Network security may be threatened by rising workloads and shrinking budgets.
Caption: Ken Theis, director, Michigan's Department of Information Technology
When Terry Childs, a network engineer for the city and county of San Francisco, locked co-workers out of the city's computer network in July 2008 and refused to hand over access codes - even to the police - it took a jail-side visit from Mayor Gavin Newsom before the rogue IT worker surrendered the password.
Childs' actions caused a sensation in the IT community. In particular, the blogosphere lit up with comments on the ramifications of San Francisco's network administrator-turned-malcontent hacker. Seattle Chief Technology Officer Bill Schrier blogged that Childs "apparently had a disdain for other administrators, staff and management in the [IT] department." InfoWorld's Senior Contributing Editor Paul Venezia blogged that Childs was "a disgruntled network admin."
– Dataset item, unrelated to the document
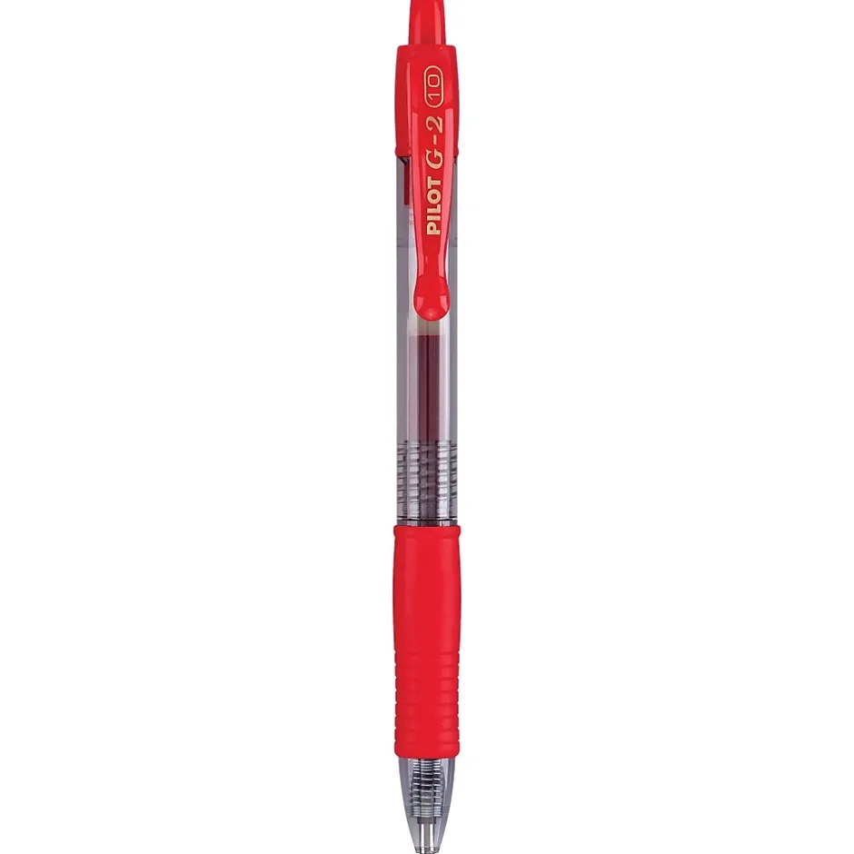 Enjoy free-flowing, comfortable writing by using these retractable gel roller pens. Featuring a 1.0mm bold-point tip, these pens produce bold, smooth lines, while the eye-grabbing red ink keeps notes front and center. These Pilot G2 bold-point premium gel roller pens have a round, see-through barrel design, preventing you from unexpectedly running out of ink.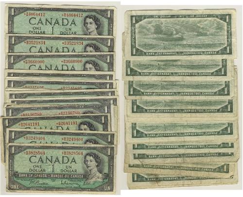21 circulated VG-aEF asterisk notes. *B/M prefix with miscellaneous serial numbers. 1 note torn and taped. 1 has light pencil marking on face. Beattie-Rasminsky BC-37bA-i, no return.

But some comments revealed that Childs had supporters. "I sympathize with Mr. Childs' would-be goal of protecting the network," wrote one person in response to a July 28, 2008, blog post by Eric Knorr, another InfoWorld editor. "I got to tell you I don't think Terry meant to do anything malicious at all," wrote another. And still another stated that San Francisco was "making a scapegoat out of Terry Childs" because the city "dropped the ball" by not securing the passwords sooner rather than later.
Childs' motives may be debatable, but the threat posed by insider sabotage definitely isn't. In 2007, the National Association of State Chief Information Officers (NASCIO) released a report, Insider Security Threats: State CIOs Take Action Now! that suggested public scrutiny of government employees may reduce aggressive oversight and compliance regarding insider threats. The report cautioned CIOs about IT experts within state IT departments who have a hacker mentality. "This person is perhaps the most dangerous of all due to his or her expertise and resulting ability to exact a significant amount of damage which could garner unfavorable headlines," the report said. Although the NASCIO paper doesn't detail the underlying causes, it does show insider attacks are rising rapidly.
These findings mirror a 2006 survey conducted by the U.S. Computer Emergency Readiness Team, a federally funded research and development center for Internet security expertise, which found that 68 percent of cyber-attacks originated from within an organization.
Stress could be one factor behind the rise in internal attacks. In October 2008, Robert Half Technology surveyed IT organizations and found workers are not only accomplishing more with fewer resources these days, but the cutbacks are taking a toll. Thirty-six percent of CIOs interviewed said bigger workloads are the greatest source of stress for their teams. Twenty-two percent cited the pace of new technology as the biggest stressor, followed by office politics at 18 percent.
Workloads are not a new problem in the public sector. Government IT departments have been under pressure to maintain the status quo or cut back for some time and the bad economy doesn't help. Data from the 2008 Public CIO Annual Reader Survey found that 68 percent of respondents saw either no change or a decrease in staffing levels, and 58 percent saw no change or a decreased budget.
In October, the Center on Budget and Policy Priorities reported that at least 39 states faced budget shortfalls, while half of the states had already cut spending for fiscal 2009. With IT viewed as a major cost in government, CIOs and their workers - in virtually all government sectors - should expect to see further pressure to curtail IT budgets, along with a rise in worker-related stress.
We Must Balance Our Budget
If rising workloads and shrinking budgets contribute to stress, then San Francisco has had plenty of it. "I think we're on our eighth consecutive year of budget shortfall," said Chris Vein, CIO of San Francisco. "And San Francisco is a jurisdiction like many where we have to balance our budget. We can't deficit spend; we can't borrow. And the reason that the eight years becomes important is that by this time, you've done just about everything that you can that will not cause pain."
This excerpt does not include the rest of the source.